There are 12 possible outcomes of the destination country: 'US', 'FR', 'CA', 'GB', 'ES', 'IT', 'PT', 'NL','DE', 'AU', 'NDF' (no destination found), and 'other'.

### File descriptions

- train_users.csv - the training set of users


- test_users.csv - the test set of users 
`id: user id 
date_account_created: the date of account creation
timestamp_first_active: timestamp of the first activity, note that it can be earlier than date_account_created or  date_first_booking because a user can search before signing up 
date_first_booking: date of first booking 
gender 
age 
signup_method 
signup_flow: the page a user came to signup up from 
language: international language preference 
affiliate_channel: what kind of paid marketing 
affiliate_provider: where the marketing is e.g. google, craigslist, other 
first_affiliate_tracked: whats the first marketing the user interacted with before the signing up 
signup_app 
first_device_type 
first_browser 
country_destination: this is the target variable you are to predict `


- sessions.csv - web sessions log for users 
`user_id: to be joined with the column 'id' in users table 
action 
action_type 
action_detail 
device_type 
secs_elapsed `


- countries.csv - summary statistics of destination countries in this dataset and their locations 


- age_gender_bkts.csv - summary statistics of users' age group, gender, country of destination 


# Evalutaion Criterion
![Evaluation Criterion](evaluation.png)

In [1]:
import numpy as np
import pandas as pd
import matplotlib.pyplot as plt
import seaborn as sns
import datetime as dt
import scipy.stats as stats

# Disable warnings from printing
from warnings import filterwarnings
filterwarnings('ignore')

from sklearn.neighbors import KNeighborsClassifier
from xgboost.sklearn import XGBClassifier
from sklearn.preprocessing import LabelEncoder

# Draw inline
%matplotlib inline



## User Data Processing

In [2]:
# Read the data
train_users = pd.read_csv('../Data/train_users.csv')
test_users = pd.read_csv('../Data/test_users.csv')

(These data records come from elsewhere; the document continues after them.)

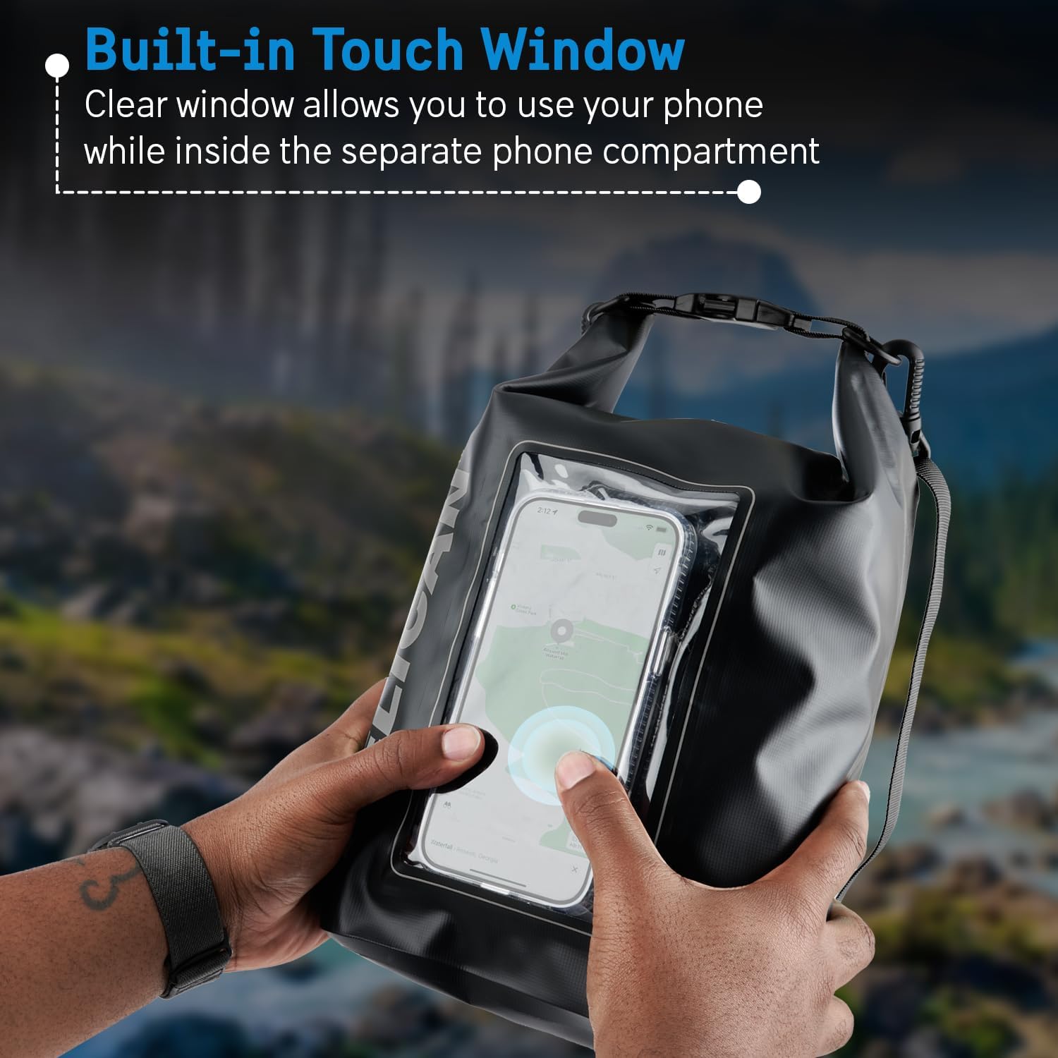 IP68 Certified Waterproof: With excellent water-resistant seal performance (IP68 rating), this fully sealed waterproof bag protects your phone and other belongings; The roll-top closure ensures a perfect seal, keeping out water, snow, dust, sand, & dirt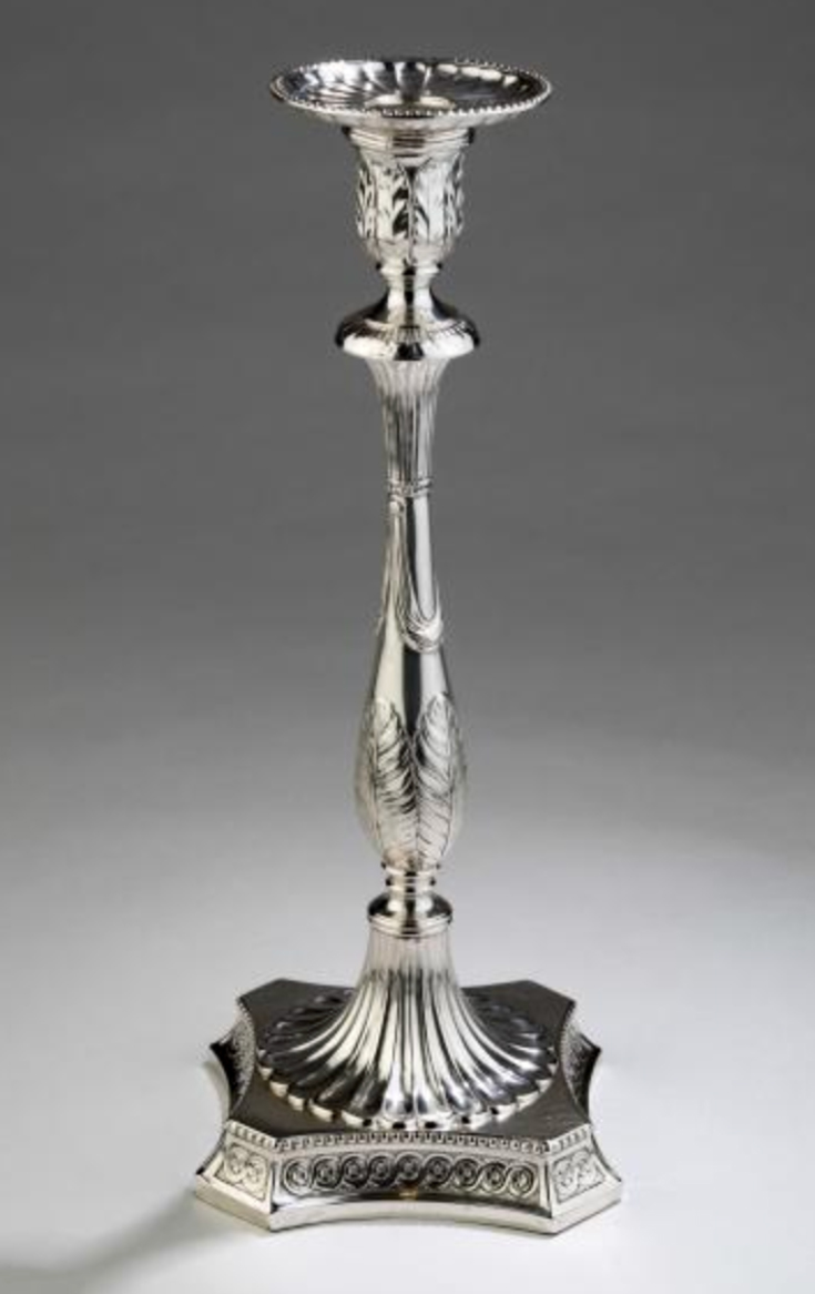 The full potential of the drop stamp was realised by the Sheffield plated trade, which developed drop stamping in high relief in order to emulate the appearance of cast silver candlesticks, by stamping plated sheet into high relief components which were then soldered together to create the appearance of a solid cast silver candlestick. Though sold at a much lower price, the stamped plated and then silver candlestick could match or exceed the quality of cast silver. Stamped candlesticks competed so effectively in the luxury market that they drove cast silver candlesticks out of production: stamping became the standard way of making a silver candlestick.[14] Products such as the Boulton and Fothergill stamped candlesticks (see Figure 7) offered a medallic level of detail and precision which met the late-eighteenth century appetite for neoclassical decoration in ways that would have been difficult or impossible with traditional hand-craft casting methods.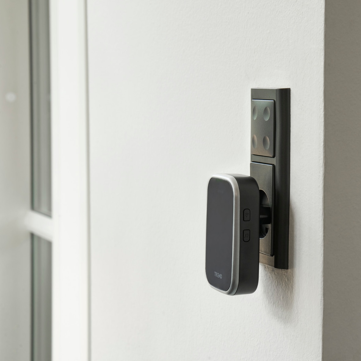 Dørklokken er designet for å kobles direkte til en stikkontakt (plug-in) og kan utvides med ekstra dørtrykk og klokker etter behov.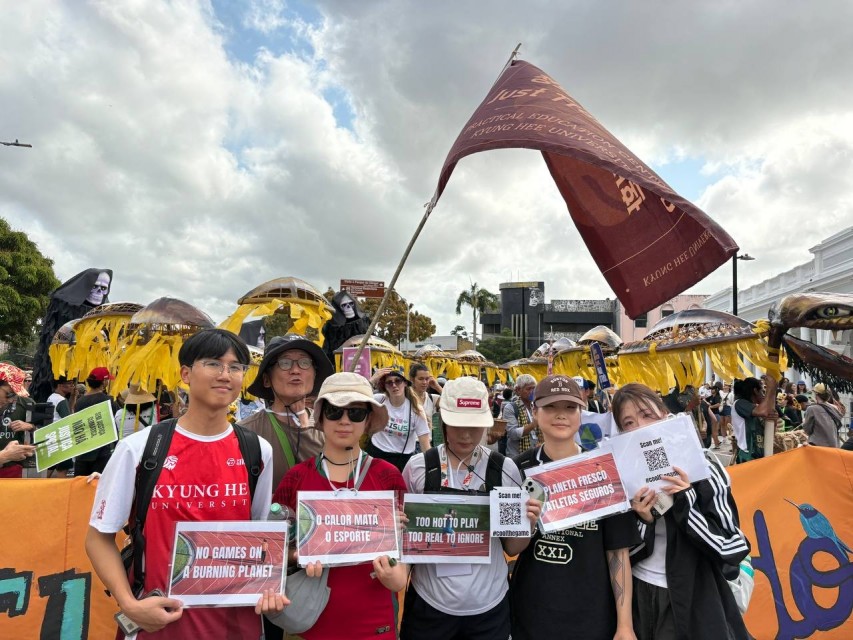 이들은 시민사회가 주도하는 기후 랠리에도 참여했다. 브라질 노총(CUT) 등 전 세계 활동가들과 함께 벨렝의 역사적 랜드마크를 행진했다. 행진은 벨렝 번화가인 상브라스 시장(Mercado de São Brás)에서 시작돼, 아마존 문화의 심장부라 불리는 ‘알데 이아 카바나(Aldeia Cabana)’ 광장까지 이어졌다. 우리학생들은 이 자리에서 ‘스포츠권을 보장하라’는 슬로건을 내걸고 행진했다.

# Drop country for processing
LABEL = 'country_destination'
labels = train_users[LABEL].copy()
train_users.drop(LABEL, inplace=True, axis=1)

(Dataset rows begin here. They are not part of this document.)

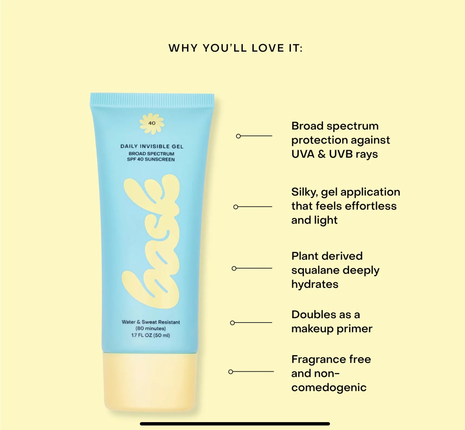 Dive into sunlit days with the soon-to-launch Invisible Gel SPF 40 by Bask Sunscreen. This revolutionary, ultra-sheer gel ensures total UV protection without any white traces, making it perfect for all skin tones. Lightweight and non-sticky, it hydrates while defending against harmful UVA & UVB rays. Committed to safety and the environment, it's chemical-free, reef-friendly, and cruelty-free. Available in a 50 ml / 1.7 fl. oz. size. Secure your pre-order now at a special price and be the first to bask in its brilliance.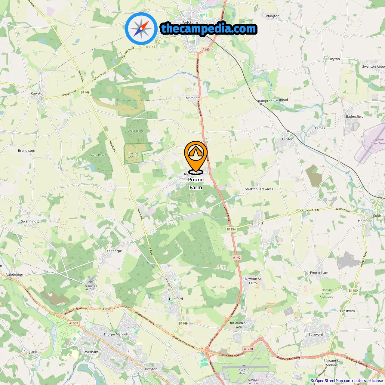 Distance from the campground to Hevingham: 0.03 mi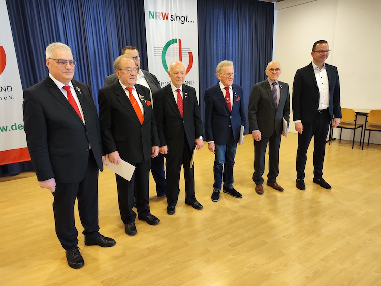 Ganz besonders ausgezeichnet wurden sieben Jubilare für 65 Jahre Singen im Chor. Eine goldene Plakette, eine goldene Ehrennadel sowie eine Urkunde wurden vom ChorVerband NRW verliehen an: Heinz Seferens, MGV „St. Josef“ Höngen e.V.; Franz Meeßen, MGV „ST. Josef“ 1862 Kirchhoven e.V.; Karl-Heinz Meyer, MGV „Liederkranz“ Wegberg; Hans Beulen u. Alfred Küppers, beide MGV Cäcilia Waldfeucht sowie Manfred Schaffrath u. Norbert Rexing vom Quartettverein 1927 Myhl e.V.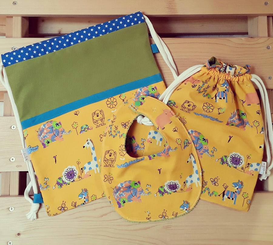 Este está formado por mochila,bolsita desayuno y babero a juego.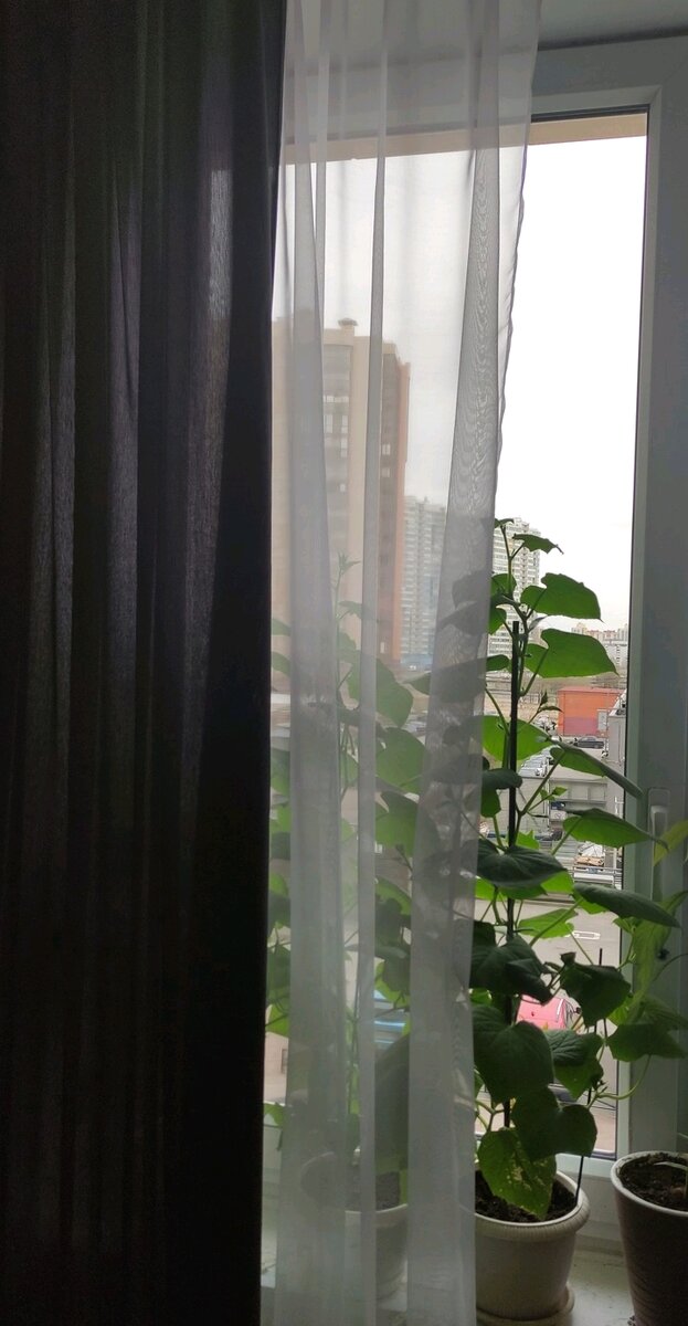 5 мая, 38 дней огурцам "Трюкач" Растут в 2,6 л горшках. При посадке в грунт добавила примерно 30%биогумуса. Так же,через день поливаю слабым раствором биогумуса. Вообще полив ежедневный, за сутки почва практически сухая.Особенно в солнечную погоду. Полив чередую : день водой,день раствором. В дальнейшем планирую ежедневно поливать раствором биогумуса, когда еде больше разрастутся. Хотя,куда больше)) Окна почти не видно. Верхушки прищипнула,если это так называется) . Так же пасынки прищипываю.Даю немного подрасти и обрываю. Усы тоже обрываю . Где-то советуют обрывать , особенно при комнатном выращивание. Если у кого-то есть советы ,делитесь!

# Merge train and test users
users = pd.concat((train_users, test_users), axis=0, ignore_index=True)

# Drop id for processing
ids = users["id"].copy()
users.drop("id", inplace=True, axis=1)

### Null values

Creating a new column which counts the number of null values in each record helps to distinguish '-1' as a special type of value (missing) compared to other values.

In [3]:
# Fill null with -1 for missing values
users.fillna(-1, inplace=True)

### Date Parsing

- Dates cannot be used as such. They are parsed to extract date of the weekday, week number, month, month and year.
- This is done for date_account_created and timestamp_first_active.
- There is another date feature date_first_booking which is completely null for test users. So we can ignore it completely.
- Also compute the difference between dates date_account_created and timestamp_first_active.

In [4]:
# timestamp_first_active pre-processing to get date
users.timestamp_first_active = users.timestamp_first_active.apply(str)
users.timestamp_first_active = users.timestamp_first_active.str[:8]

# Convert strings to dates
users.date_account_created = pd.to_datetime(users.date_account_created, format="%Y-%m-%d")
users.timestamp_first_active = pd.to_datetime(users.timestamp_first_active, format="%Y%m%d")

def _parse_date(time_dt):
    return [time_dt.year, time_dt.month, time_dt.day, time_dt.weekday(), time_dt.isocalendar()[1]]

def extract_dates_inplace(features, date_column):
    extracted_vals = np.vstack(features[date_column].apply(
        (lambda x: _parse_date(x))))
    for i, period in enumerate(['year', 'month', 'day', 'weekday', 'weekno']):
        features['%s_%s' % (date_column, period)] = extracted_vals[:, i]
    features.drop(date_column, inplace=True, axis=1)

# date_account_created processing
extract_dates_inplace(users, "date_account_created")
extract_dates_inplace(users, "timestamp_first_active")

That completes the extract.